Lloyds Banking Group has not disbursed 70% of the money set aside to compensate victims of mis-sold derivatives, but the bank has ramped up its bonus pool in the meantime.

As of 31 December 2013, Lloyds had only used £368m (€448m, $611m) of the £530m in redress it is has set aside for compensating SMEs for the mis-selling of interest rate swap agreements (IRSA), according to the group's 2013 full year financial results.

While £130m was added to the redress fund, overall £218m relates to administrative costs and not compensation.

"No provision has been recognised in relation to claims from customers which are not covered by the agreement with the Financial Conduct Authority (FCA), or incremental claims from customers within the scope of the review," said Lloyds.

"These will be monitored and future provisions will be recognised to the extent an obligation resulting in a probable outflow is identified."

Overall, the FCA's figures for January show that only £306.2m has been collectively paid out so far, by all the banks - a drop in the ocean compared with the £20bn set aside to cover the payment protection insurance (PPI) scandal.

PPI was originally designed to provide loan repayment cover, should the customer fall ill, lose their job or have an accident.

However, millions of customers complained after saying that they never wanted or needed the policy in the first place.

Lloyds' total PPI bill now stands at £9.8bn.
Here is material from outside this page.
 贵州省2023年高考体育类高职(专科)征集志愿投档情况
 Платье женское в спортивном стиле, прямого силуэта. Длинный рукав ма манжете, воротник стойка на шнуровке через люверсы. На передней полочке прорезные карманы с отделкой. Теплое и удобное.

Meanwhile, Lloyds boosted its annual banker bonus pool by 10% to £395m after the financial more than doubled its underlying profit to £6.2bn.
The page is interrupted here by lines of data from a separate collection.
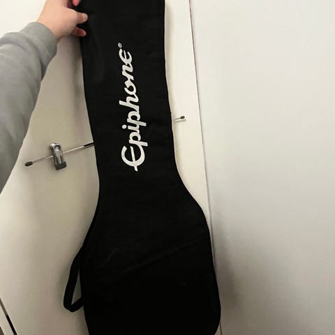 Musta kitarapussi, joka on suunniteltu kitaratarvikkeiden kuljetukseen ja säilytykseen. Pussissa on olkahihna ja useita taskuja lisätarvikkeiden säilyttämiseen. Materiaalina kestävä kangas. Hinta 6 euroa.
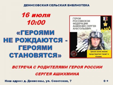 16 июля в10-00 Денисовская библиотека Приглашает на встречу.
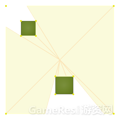 Wade Tritschler建议手工移植,所产生的代码要比使用Haxe输出的代码更干净。我同意这个观点。如果你手写代码还可以更好得了解该算法。尽管该算法主要在CPU中进行,可以使用GPU为位图进行三角形渲染和合并位图输出。(布尔AND操作可变成位图乘法;布尔OR操作可变成位图添加和钳位。)在我的项目中该性能已经足够,所以我还没有构建GPU版本。如果你的游戏有CPU限制,可以考虑使用消减算法(而不是这里显示的添加算法),渲染四边形的每条线段的影子。它会增加GPU渲染负载,但它并不需要在CPU上排序。如果填充率是一个问题,考虑渲染一个比游戏画面分辨率低的光度图,然后扩大它。
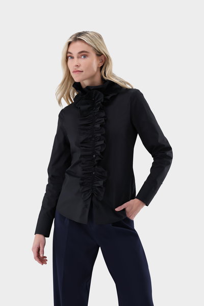 Striped Hybrid Blouse with Side Jersey Insert Slim Fit
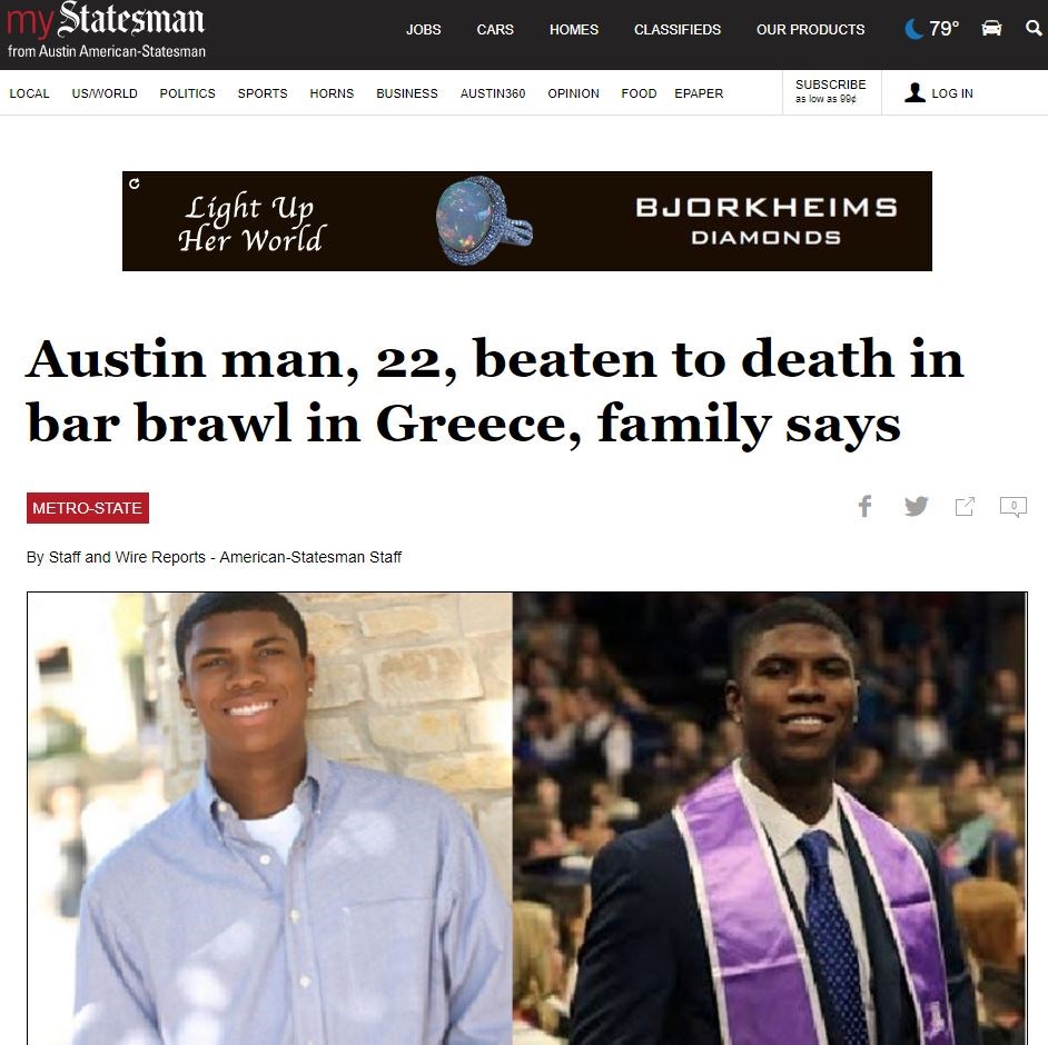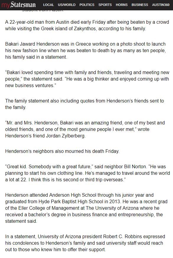 Η οικογένεια του 22χρονου Αμερικανού έδωσε γραπτή δήλωση στην ιστοσελίδα mystatesman.com, στην οποία αναφέρει ότι ο Bakari Jaward Henderson είχε έρθει στην Ελλάδα προκειμένου να εργαστεί για τη φωτογράφηση της νέας του συλλογής μόδας.

The group's chief executive Antonio Horta-Osorio will also receive a £1.7m bonus award in deferred shares for five years, which is also subject to conditions.

He is entitled to, under his contract, a maximum annual award of 225% of his £1.061m basic salary.

What Are IRSAs?

Interest rate swap agreements are contracts between banks and customers where typically one side pays a floating or variable rate of interest and receives a fixed rate of interest payments in exchange.

Such contracts are used to hedge against extreme movements in market interest rates over a given period. Companies that saw the value of these products move against them as rates fell during the recession now owe banks inordinate sums of money in yearly interest payments.

The biggest sellers of these products are Barclays, HSBC, the Royal Bank of Scotland, and Lloyds.